下面是StorageLevel類的代碼解釋
/**
* :: DeveloperApi ::
* Flags for controlling the storage of an RDD. Each StorageLevel records whether to use memory,
* or ExternalBlockStore, whether to drop the RDD to disk if it falls out of memory or
* ExternalBlockStore, whether to keep the data in memory in a serialized format, and whether
* to replicate the RDD partitions on multiple nodes.
*
* 用於控制RDD存儲的標誌,每個StorageLevel記錄是否使用內存或ExternalBlockStore,如果它脫離內存或ExternalBlockStore,
* 是否將RDD丟棄到磁盤,是否將數據保存在內存中的序列化格式,以及是否複製多個節點上的RDD分區
*
* The [org.apache.spark.storage.StorageLevel$]singleton object contains some static constants
* for commonly useful storage levels. To create your own storage level object, use the
* factory method of the singleton object (`StorageLevel(...)`).

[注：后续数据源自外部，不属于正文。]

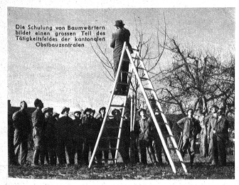
Die Schulung von Baumwärtinnen bildet einen grossen Teil des Tätigkeitsfeldes der kantonalen Obstbauzentralen.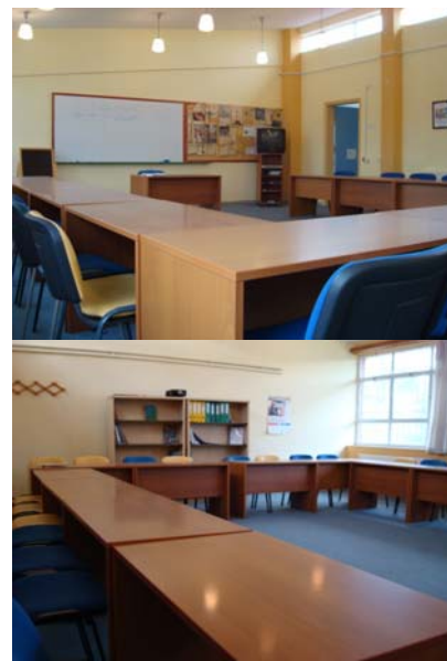
Αίθουσα για το πρόγραμμα Αγροτικών προϊόντων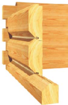
Rys. 1. Ściana z płazów [4, 5] Fig. 1. The wall of logs [4, 5]

Ze względu na zbieżystość drzewa każda płaza ma różną szerokość na obu końcach, co wiąże się ze specjalnym sposobem układania płaz przy budowie ścian, tak aby cieńsze i szersze końce były układane naprzemiennie. Ścięcie oflisu ma wpływ jedynie na wygląd ścian zewnętrznych budynku, właściwości izolacyjne w obu przypadkach są bardzo podobne. W celu poprawienia izolacyjności budynku stosuje się płazy felcowane (rys. 1). Są to płazy wyprofilowane w taki sposób, aby zachodziły jedna na drugą w budowanej ścianie. Ich przygotowanie wymaga większych nakładów robocizny i znacznego zużycia materiału. W przypadku ścian zbudowanych z płazów felcowanych mszenie, czyli uszczelnienie ścian, widoczne jest tylko z zewnątrz, wewnątrz budynków prawie nie widać miejsc zetknięcia płazów.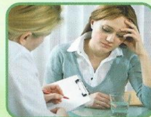
дети и взрослые с хроническими заболеваниями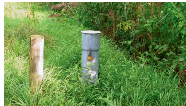
Bovengronds afgewerkte peilbuis; foute locatie-keuze doordat de peilbuis te dicht bij een sloot staat.

Het is ook mogelijk dataloggers te installeren met een voorziening om de meetgegevens telemetrisch, op afstand, uit te lezen. Bij het verzamelen van basisgegevens over de grondwatersituatie in een gebied wegen de voordelen van een dergelijk systeem echter (nog) niet op tegen de nadelen. De investeringskosten zijn per meetpunt fors hoger, circa een factor 3. De ervaring leert verder dat de meetwaarden van dataloggers soms afwijken van de werkelijke grondwaterstanden. Daarom is het verstandig de met de dataloggers geregistreerde meetwaarden minimaal één keer per jaar in elke peilbuis met een handmeting te verifiëren. Het gebruik van telemetrische systemen ontslaat de gebruiker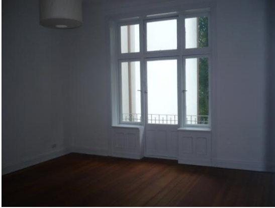
Schlafzimmer I mit Zugang zum Balkon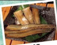
南知多産 穴子一夜干し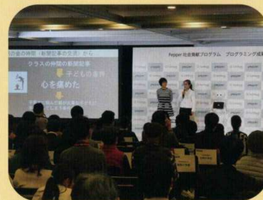
<Pepper 全国大会「金賞」受賞 「社会問題」に目を向け、挑む！>

思い起こせば、私が小学生の頃、自動車修理工場でスーパーカーに乗せられたおじさん、飼っているハムスターを見せてくれたおばさん、庭の木の実を食べさせてくれたおばあさん、雨の日に傘を貸してくれたおじいさん・・・その頃の大人たちは、きっと今の私と同じような気持ちで私たち子どもを見ていたのでしょう。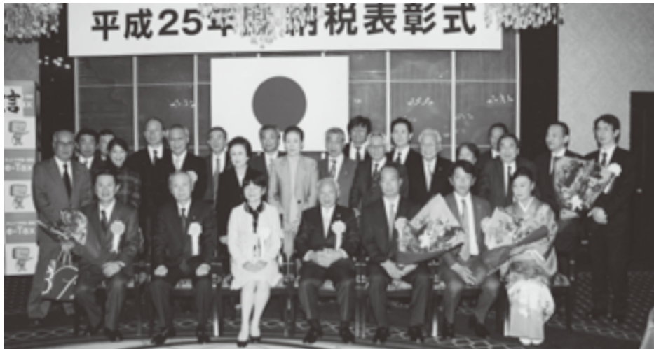
玉川法人会受賞者一同

た。受賞作品は絵そのものも大変うまく、作品を描いた児童は、税のことをよく考え、税について正しく理解できていると感じました。同時に、中学生の「税についての作文」の表彰も行われましたが、受賞された中学生の作文は、本当に中学生が書いたのかと思うほどの意義や役割についてよく学ん

* [org.apache.spark.storage.StorageLevel $] singleton對象包含一些常用的存儲級別的靜態常量,
* 要創建自己的存儲級別對象,請使用單例對象(`StorageLevel(...)`)的工廠方法
*/
StorageLevel的成員如下:
private var _useDisk: Boolean,
private var _useMemory: Boolean,
private var _useOffHeap: Boolean,//使用擴展存儲
private var _deserialized: Boolean,
private var _replication: Int = 1) //默認的複本數是1
StorageLevel中的Object方法解釋如下:
object StorageLevel {
//不會保存任務數據
val NONE = new StorageLevel(false, false, false, false)
//直接將RDD的partition保存在該節點的Disk上
val DISK_ONLY = new StorageLevel(true, false, false, false)
//直接將RDD的partition保存在該節點的Disk上,在其他節點上保存一個相同的備份
val DISK_ONLY_2 = new StorageLevel(true, false, false, false, 2)
//將RDD的partition對應的原生的Java Object保存在JVM中,如果RDD太大導致它的部分partition不能存儲在內存中
//那麼這些partition將不會緩存,並且需要的時候被重新計算,默認緩存的級別
val MEMORY_ONLY = new StorageLevel(false, true, false, true)
//將RDD的partition對應的原生的Java Object保存在JVM中,在其他節點上保存一個相同的備份
val MEMORY_ONLY_2 = new StorageLevel(false, true, false, true, 2)
val MEMORY_ONLY_SER = new StorageLevel(false, true, false, false)
val MEMORY_ONLY_SER_2 = new StorageLevel(false, true, false, false, 2)
//將RDD的partition反序列化後的對象存儲在JVM中,如果RDD太大導致它的部分partition不能存儲在內存中
//超出的partition將被保存在Disk上,並且在需要時讀取
val MEMORY_AND_DISK = new StorageLevel(true, true, false, true)
//在其他節點上保存一個相同的備份
val MEMORY_AND_DISK_2 = new StorageLevel(true, true, false, true, 2)
val MEMORY_AND_DISK_SER = new StorageLevel(true, true, false, false)
val MEMORY_AND_DISK_SER_2 = new StorageLevel(true, true, false, false, 2)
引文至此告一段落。